Reading Time: 3 minutes

Nilanjana retells the story of Krishna and the gopis on a moonlit night, elaborating on the Leela or the cosmic game, in the weekly column, exclusively for Different Truths.

Sukha explained, “The gopis were ignorant and completely under the veil of prakriti1. They were simple people with basic understanding. They did not understand philosophy or spirituality. Yes, they craved for him like they would for an earthly lover. Since Krishna was aparabrahman who had assumed a human form, this craving modified itself to bhakti (devotion) and they attained moksha. Any kind of emotion for the parabrahman – like hatred, love, lust – does not really matter. What matters is that one is focused on divinity! Sishupal hated Krishna so he kept on thinking about him. That way even he got liberated. Anybody who has constant love or constant hatred or constant anger or any other emotion where one keeps on thinking about divinity all the time is sure to get liberated.”

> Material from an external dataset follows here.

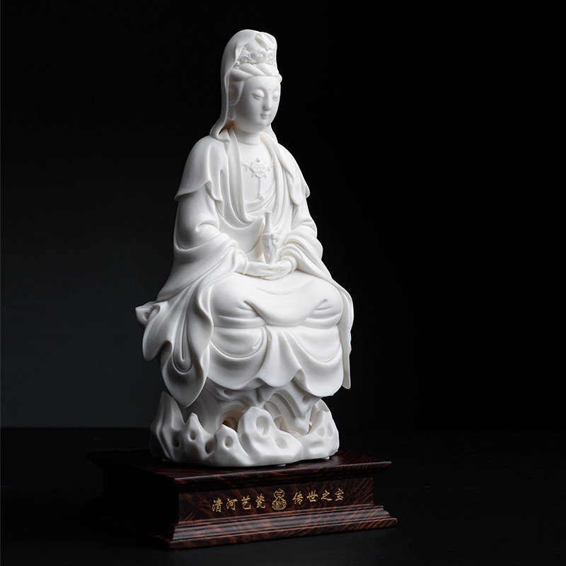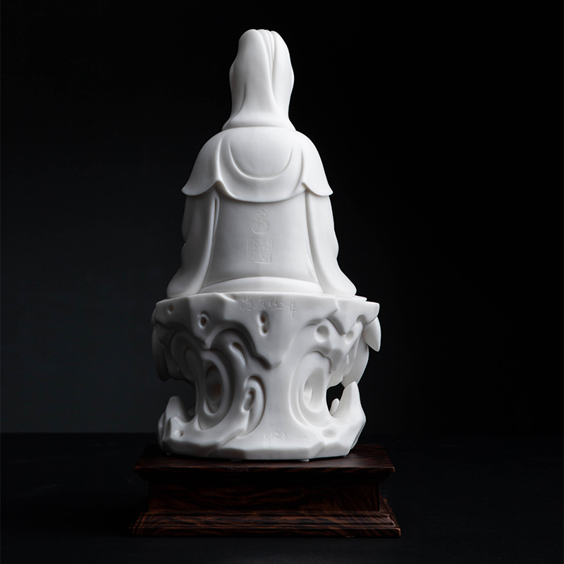 戴玉堂陶瓷坐岩净瓶观音省级大师苏友德观世音菩萨收藏艺术品摆件

Parikshit nodded as Sukha went on explaining, “So, the gopis surrounded Krishna, lost in the music of his charming flute. He asked them what he could do to please them. In the middle of the night, having left their home, families, household chores they have just come to visit him.  He asked them if they did not remember their social and familial obligations. He reminded them that they are bound by great devotion for him. That devotion is good enough. However, this love may not be considered right by many.

The gopis stood there as if carved by stone. They felt frustrated. Many of them started crying. Krishna could see the tears glistening in their eyes. They told Krishna that they did not come here to listen to a sermon on socially appropriate behavior. They came to meet Krishna hoping he would never abandon them. They reminded Krishna that learned men have said that one should abandon the bondages and set one’s mind on the eternal one. They have also been told that Krishna is the eternal one. They said that they were happy and content with regular life unless Krishna came on. Now they only love him and pine for his love. They desire him. Krishna, with all his compassion, accepted their love. He danced with each and every gopi and enjoyed their company.

Gradually, ego and pride took over. Each gopi began to think that Krishna belongs only to her.

Suddenly, Krishna vanished from their presence… 

 [To be continued] 

  1. Prakriti – In Sankhya philosophy, Prakriti is Nature as distinguished from Purusha (another name of the cosmic spirit) – the original source of the material world consisting of the three gunas (sattva, rajas, tamas).  Gunas – Literally means qualities or attributes. There are 3 kinds of gunas:
  2. i) Sattvaguna or sattva – This is the highest of the 3 gunas. It indicates goodness and purity;
  3. ii) Rajoguna or rajas – This is the second, indicating activity (when on a positive swing) and restlessness (when negative);

iii) Tamoguna or tamas – This is the lowest one indicating rest (when positive) and lethargy (when negative).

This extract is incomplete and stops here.